The study considered injuries sustained in 21,943 crashes in which at least one child received medical attention, as well as crashes where no children were injured, and the vast majority of injuries were not fatal, whether children wore a regular seat belt or used a booster seat.

Car Seats for the Car Only

It bears repeating that parents should follow the American Academy of Pediatrics car seat guidelines to keep their children safe during road trips. But it’s equally important to note the danger that exists when parents keep infants in car seats for extended periods when they are not traveling.

In a related article, CBS News reported the results of a study presented to the AAP that shows 8,700 emergency room visits resulting from inappropriate use of a car seat/carrier.

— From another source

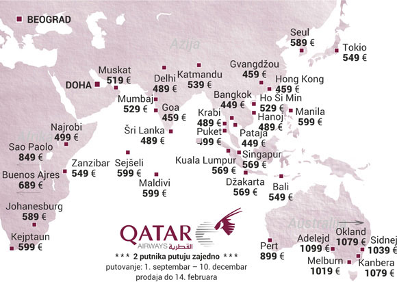 Izabrane destinacije u Aziji, Africi i Australiji, koje su na ovoj fantastičnoj promociji možete videti na priloženoj mapi zajedno sa cenama za povratne karte.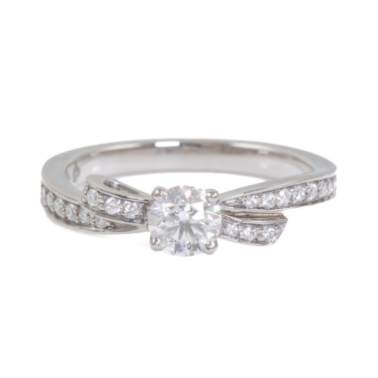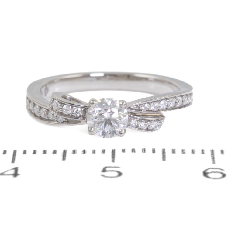 Chanel Ruban ring with a centre round brilliant cut Natural Diamond of 0.30ct (with copy of GIA Diamond Dossier graded as F VVS1 #6322361570) and surrounding round Natural Diamonds totalling approximately 0.26ct. Platinum 950. Chanel stamped size 47, actual ring size H - ring resizing is not recommended. Weight: 3.4g. With Chanel Pouch. (Pre-owned)

Most of the injuries occurred when parents placed car seat/carriers on soft surfaces, like beds and sofas, or high surfaces like counters and tabletops. This causes a risk of suffocation in infants, but babies can also suffer injuries to the head or extremities if the car seat tips or falls.

If you do place your baby in a carrier:

  • Place the carrier on flat ground only.
  • Be aware in public places; do not place the carrier and baby in high-foot-traffic areas.
  • Avoid keeping baby in the carrier for long periods of time every day; this can lead to weak muscles and flat spots on the head.

The Bottom Line on Car Seat Safety

Car seats are intended for use in motor vehicles to protect infants, toddlers and children from injury in a crash. Use a car seat or booster seat, for as long as possible with your child, for its intended purpose. But don’t leave your infant in a carrier/car seat for extended lengths of time when you’re not traveling.